Neural Radiance Fields (NeRFs) can be dramatically accelerated by spatial grid representations. However, they do not explicitly reason about scale and so introduce aliasing artifacts when reconstructing scenes captured at different camera distances. Mip-NeRF and its extensions propose scale-aware renderers that project volumetric frustums rather than point samples but such approaches rely on positional encodings that are not readily compatible with grid methods. We propose a simple modification to grid-based models by training model heads at different spatial grid resolutions. At render time, we simply use coarser grids to render samples that cover larger volumes. Our method can be easily applied to existing accelerated NeRF methods and significantly improves rendering quality (reducing error rates by 20-90% across synthetic and unbounded real-world scenes) while incurring minimal performance overhead (as each model head is quick to evaluate). Compared to Mip-NeRF, we reduce error rates by 20% while training over 60x faster.
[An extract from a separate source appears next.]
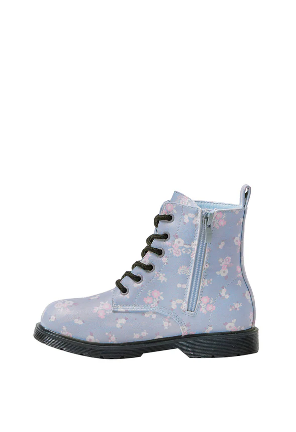 Kick off cute-meets-cool style with this lug sole boot. Complete with faux leather and a ditsy floral print. Inside zipper for easy on and off and lace up for the perfect fit.

翻译：神经辐射场（NeRFs）可通过空间网格表示实现显著加速，但其未显式考虑尺度因素，因此在重建不同相机距离下捕捉的场景时会产生混叠伪影。Mip-NeRF及其扩展方法提出基于体积截锥体而非点采样的尺度感知渲染器，但此类方法依赖于与网格方法不兼容的位置编码。我们提出一种对网格模型的简单改进，即在不同的空间网格分辨率下训练模型头。在渲染时，我们仅需使用更粗糙的网格来对覆盖更大体积的样本进行渲染。该方法可轻松应用于现有加速NeRF方法，在带来极小性能开销（每个模型头可快速评估）的同时显著提升渲染质量（在合成场景与无界真实场景中错误率降低20%-90%）。与Mip-NeRF相比，我们在训练速度快60倍以上的基础上将错误率降低了20%。